Layout / body structure
The layout is a single wide chart with many vehicle-model columns across the page and three marker rows below for gearbox assembly, engine assembly, and final vehicle assembly. The reading order is left to right across the model columns and then down to the assembly rows that explain how production footprints line up with the content stacks.
What is being compared
The chart compares the share of vehicle content coming from Canada and the United States, Japan, Mexico, South Korea, and the rest of the world across the top 2025 passenger vehicle models. It also compares where each model’s gearbox, engine, and final assembly are located.
Measurement system
Each column is a percentage share of vehicle content, so every stack sums to 100 percent. Color identifies origin countries or regions, while the rows beneath the chart use colored squares to mark the assembly location for each major production stage.
Visible structure inside the graphic
The main body of the visual is a run of narrow 100-percent stacked columns, most of them built from dark Canada or US blocks, bright blue Mexico blocks, and large gray rest-of-world blocks, with smaller contributions from Japan and South Korea. Beneath the stacks, three horizontal bands of colored squares show gearbox assembly, engine assembly, and final vehicle assembly for each model, turning the chart into a combined content-and-footprint map rather than a simple share chart.
Main takeaway from the visual
The visible takeaway is that tariff exposure differs sharply by model because both the content mix and the assembly footprint vary from car to car. Some models are concentrated in North American content, others depend heavily on Mexico or the rest of the world, and the three assembly rows show that manufacturing stages do not always line up with the dominant content source inside the stack above.
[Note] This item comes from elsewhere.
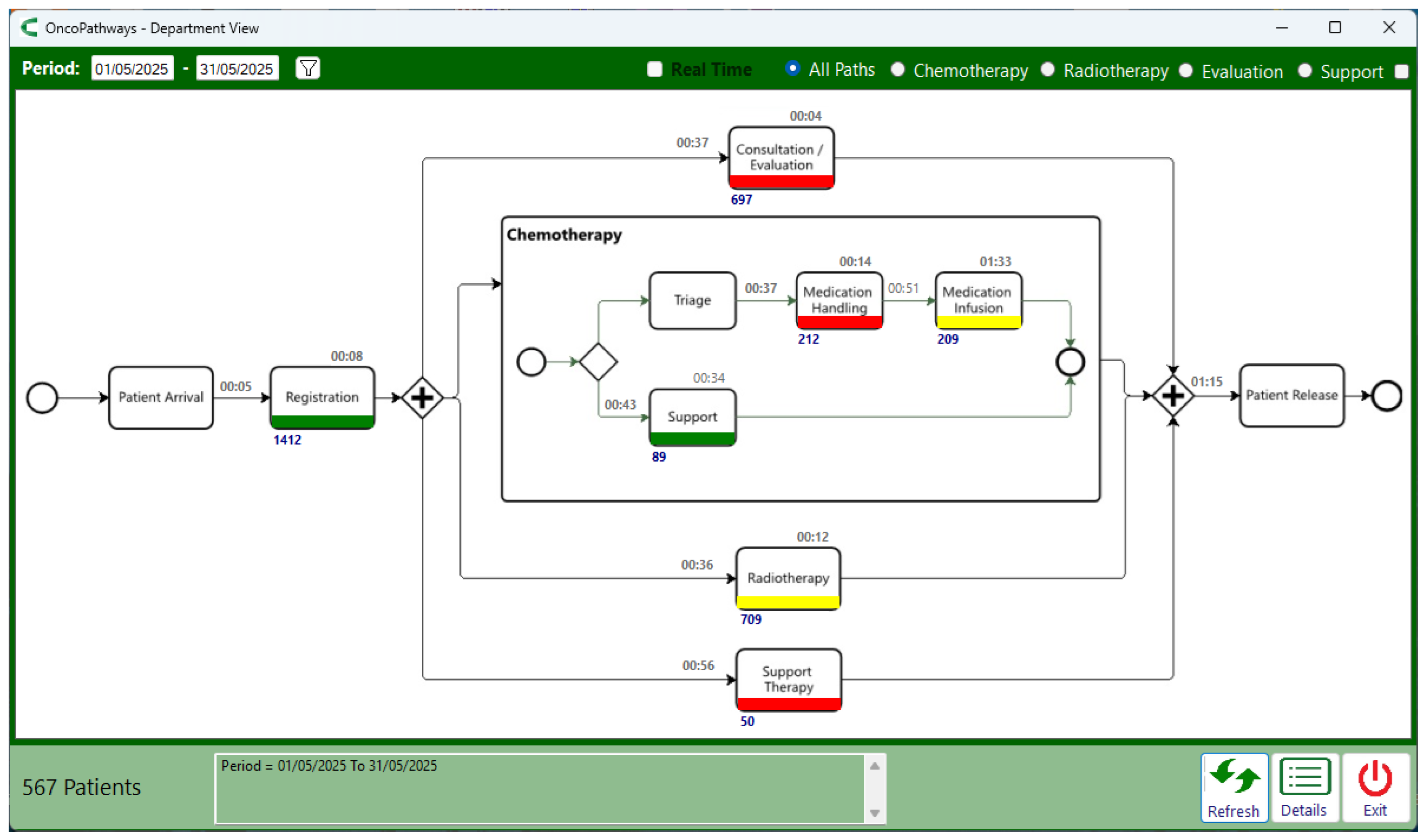 Figure 4 reveals the presence of several flow variants. For example, when analyzing the standard chemotherapy administration sequence (Registration → Medication Handling → Medication Infusion)—shown in

Key standout values or extremes
Several models are dominated by dark Canada or US content, while others carry very large Mexico segments that push close to or above half of the stack. At the other extreme, some models show the rest-of-world segment as the largest block, which makes the visual feel less like a single industry average and more like a series of sharply different sourcing profiles.
Controls / sequence, when applicable
This is a static chart image with no in-chart controls to operate.
Companion media, when applicable
There is no separate companion audio or video; the chart image is the full visual on this page.